* _Exercise directions_:
Your task is to copy every line of the entries that holds the word "para".

* _Recorded data_:
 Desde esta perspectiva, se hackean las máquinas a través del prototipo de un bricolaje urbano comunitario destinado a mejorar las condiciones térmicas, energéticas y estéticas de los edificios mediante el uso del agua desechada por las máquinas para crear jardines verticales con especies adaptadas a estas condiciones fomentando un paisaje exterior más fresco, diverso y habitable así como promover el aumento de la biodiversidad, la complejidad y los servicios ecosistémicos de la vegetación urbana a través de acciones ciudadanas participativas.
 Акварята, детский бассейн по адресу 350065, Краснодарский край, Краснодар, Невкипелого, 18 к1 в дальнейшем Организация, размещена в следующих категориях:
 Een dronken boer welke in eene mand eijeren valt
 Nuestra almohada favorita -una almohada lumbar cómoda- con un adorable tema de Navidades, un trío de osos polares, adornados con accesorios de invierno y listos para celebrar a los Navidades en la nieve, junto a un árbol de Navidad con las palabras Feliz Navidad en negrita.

...

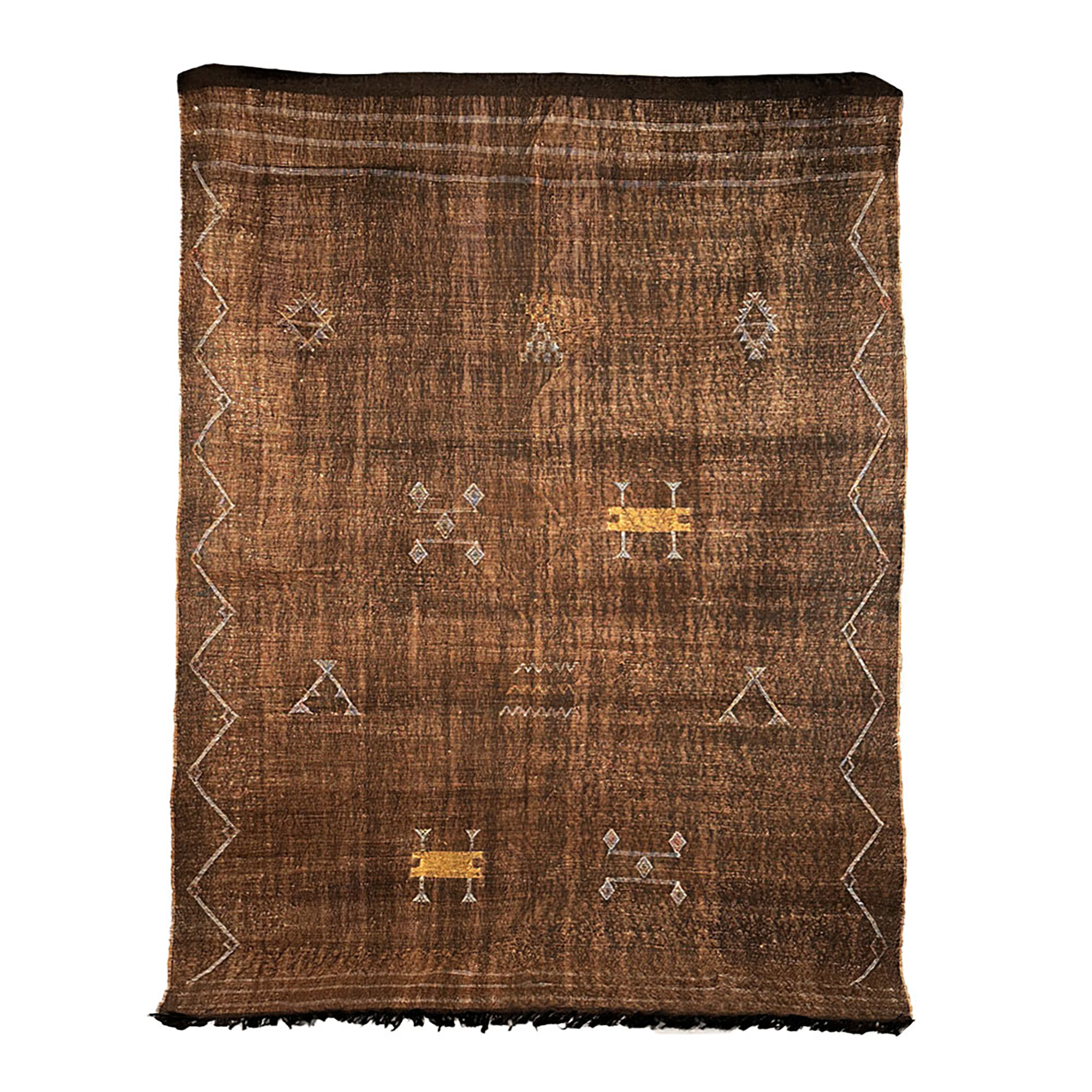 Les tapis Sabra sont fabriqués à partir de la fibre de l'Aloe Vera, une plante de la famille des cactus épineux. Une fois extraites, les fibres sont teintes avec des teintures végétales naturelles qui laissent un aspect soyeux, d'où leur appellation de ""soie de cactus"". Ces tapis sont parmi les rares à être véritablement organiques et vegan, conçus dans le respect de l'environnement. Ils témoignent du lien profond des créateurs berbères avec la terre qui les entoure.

--

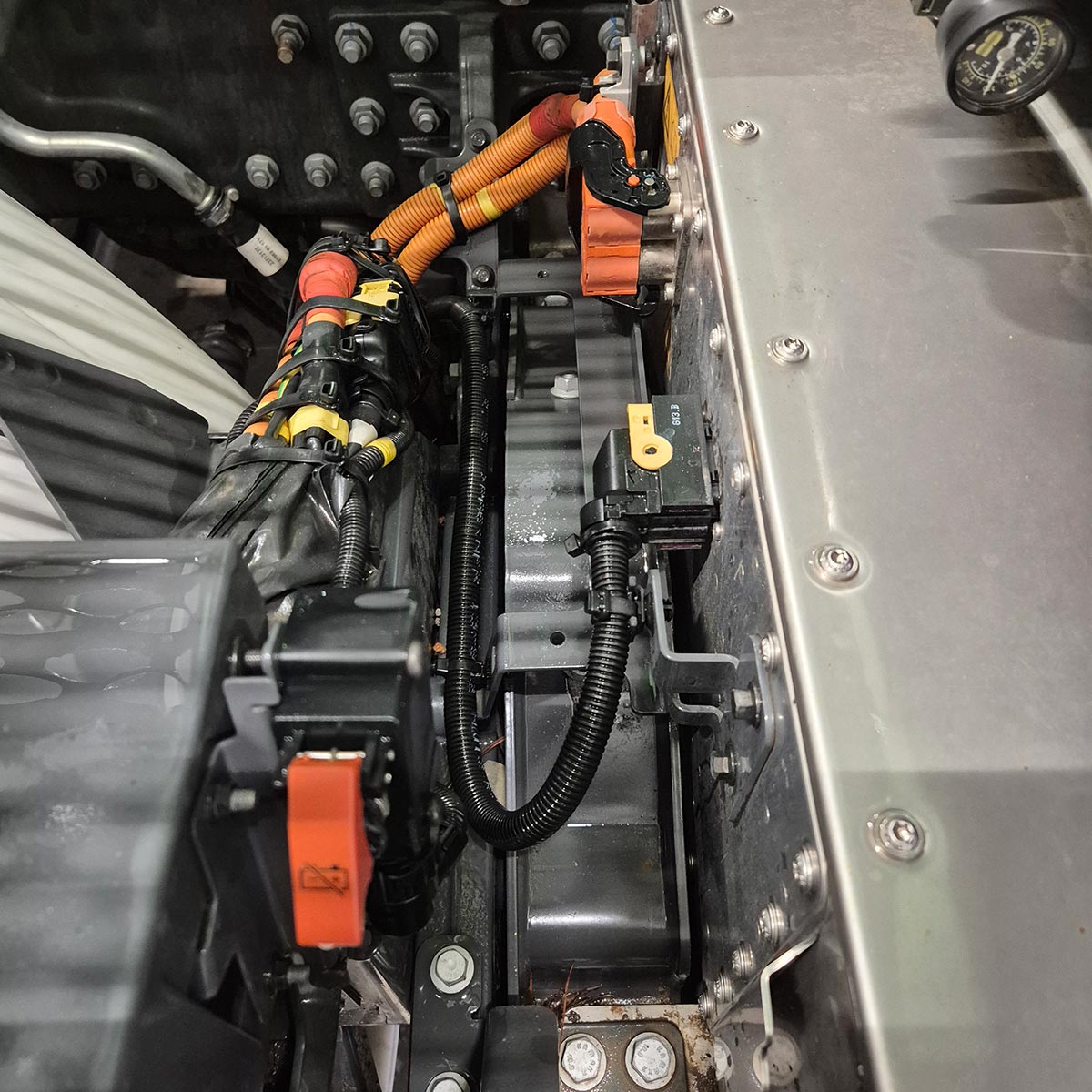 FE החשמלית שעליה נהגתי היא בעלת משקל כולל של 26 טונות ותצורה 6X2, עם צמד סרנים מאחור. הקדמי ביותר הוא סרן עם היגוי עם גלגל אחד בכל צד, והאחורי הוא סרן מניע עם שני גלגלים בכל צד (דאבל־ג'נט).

* _Written answer_:
 Desde esta perspectiva, se hackean las máquinas a través del prototipo de un bricolaje urbano comunitario destinado a mejorar las condiciones térmicas, energéticas y estéticas de los edificios mediante el uso del agua desechada por las máquinas para crear jardines verticales con especies adaptadas a estas condiciones fomentando un paisaje exterior más fresco, diverso y habitable así como promover el aumento de la biodiversidad, la complejidad y los servicios ecosistémicos de la vegetación urbana a través de acciones ciudadanas participativas.
 Nuestra almohada favorita -una almohada lumbar cómoda- con un adorable tema de Navidades, un trío de osos polares, adornados con accesorios de invierno y listos para celebrar a los Navidades en la nieve, junto a un árbol de Navidad con las palabras Feliz Navidad en negrita.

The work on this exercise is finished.